Start of Data provided

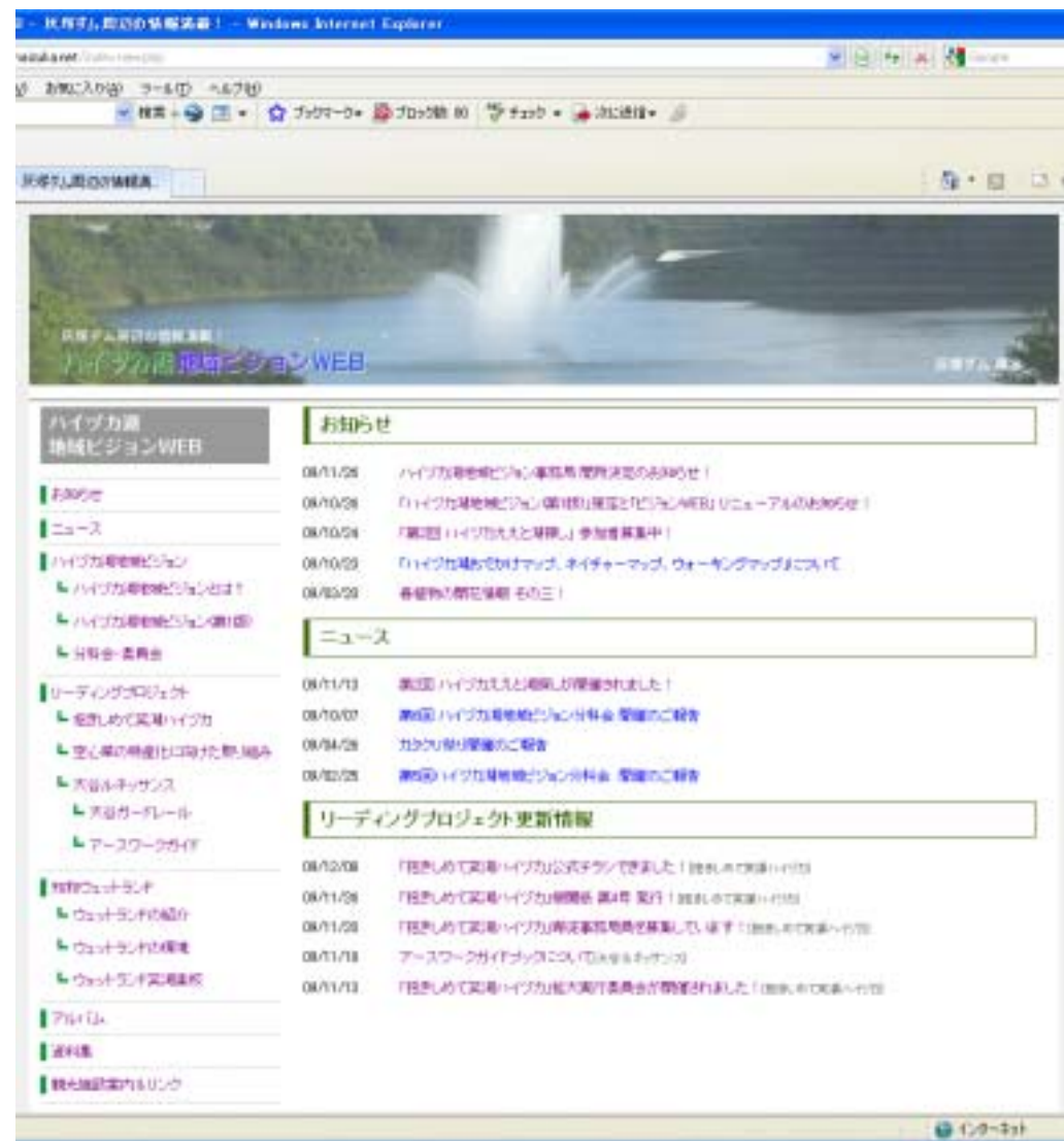
ブログとしてリニューアルされた「ハイヅカ湖地域ビジョンWEB」

・ハイヅカ湖周辺ウォーキングの楽しさについて、分科会メンバーによるブログ記事の執筆を計画している。 昨年度制作したハイヅカ湖マップ3種の修正点を地域から収集し、時点修正を行った。今後は広報活動を計画している。
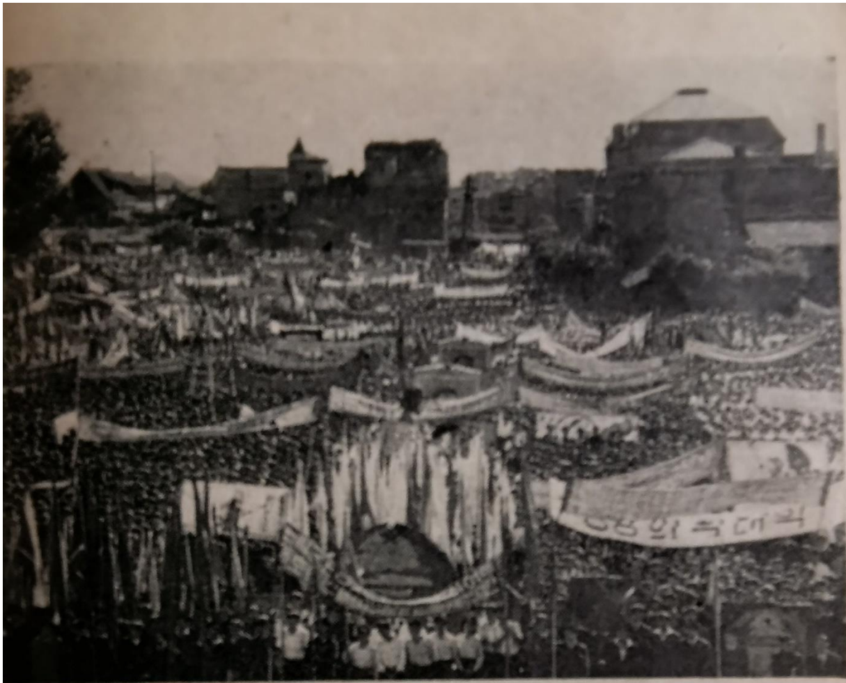
Massameeting in Phyoongyang ter gelegenheid van de vorming van het Vaderlandse front in Juni 1949.

PHYÖNGYANG is de hoofdstad van de Koreaanse volksdemocratische republiek. Midden door de stad stroomt de brede Daidong rivier, waarop tal van jonken varen. In Phyoongyang wonen 400.000 mensen wier stoutste dromen reeds verwezenlijkt zijn of in de allernaaste toekomst werkelijkheid zullen worden. Want in hun republiek wordt een nieuwe, schone toekomst vóór de Koreanen en dóór de Koreanen gebouwd.
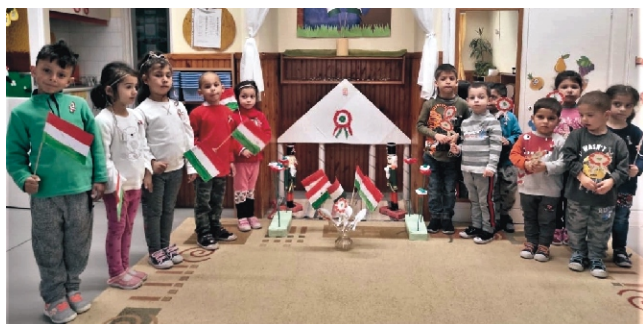
„Éljen a magyar szabadság! Éljen a hazai!”
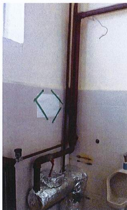
Fot.12. Lokalizacja wodomierza na przyłączy
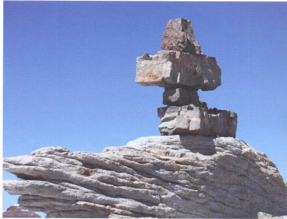
Каменный крест на западном гребне внутренней коры

Каждый раз участники экспедиций посещают новые, никем до этого не изученные места. Сама мандала Кайласа – природное образование, но на западном гребне внутренней коры были найдены так называемые «скульптуры» – каменные образования со следами обработки человеком. Уникальная энергетика места, располагающая к духовным практикам, наве-
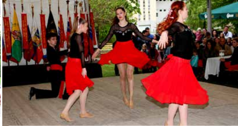
Ples makov je navdušil veliko dvorano obiskovalcev prireditve v Topolšici.

End of Data provided

** Exercise brief **
Reproduce the lines above exactly, image-free.

** Answer to this task **
ブログとしてリニューアルされた「ハイヅカ湖地域ビジョンWEB」

・ハイヅカ湖周辺ウォーキングの楽しさについて、分科会メンバーによるブログ記事の執筆を計画している。 昨年度制作したハイヅカ湖マップ3種の修正点を地域から収集し、時点修正を行った。今後は広報活動を計画している。
Massameeting in Phyoongyang ter gelegenheid van de vorming van het Vaderlandse front in Juni 1949.

PHYÖNGYANG is de hoofdstad van de Koreaanse volksdemocratische republiek. Midden door de stad stroomt de brede Daidong rivier, waarop tal van jonken varen. In Phyoongyang wonen 400.000 mensen wier stoutste dromen reeds verwezenlijkt zijn of in de allernaaste toekomst werkelijkheid zullen worden. Want in hun republiek wordt een nieuwe, schone toekomst vóór de Koreanen en dóór de Koreanen gebouwd.
„Éljen a magyar szabadság! Éljen a hazai!”
Fot.12. Lokalizacja wodomierza na przyłączy
Каменный крест на западном гребне внутренней коры

Каждый раз участники экспедиций посещают новые, никем до этого не изученные места. Сама мандала Кайласа – природное образование, но на западном гребне внутренней коры были найдены так называемые «скульптуры» – каменные образования со следами обработки человеком. Уникальная энергетика места, располагающая к духовным практикам, наве-
Ples makov je navdušil veliko dvorano obiskovalcev prireditve v Topolšici.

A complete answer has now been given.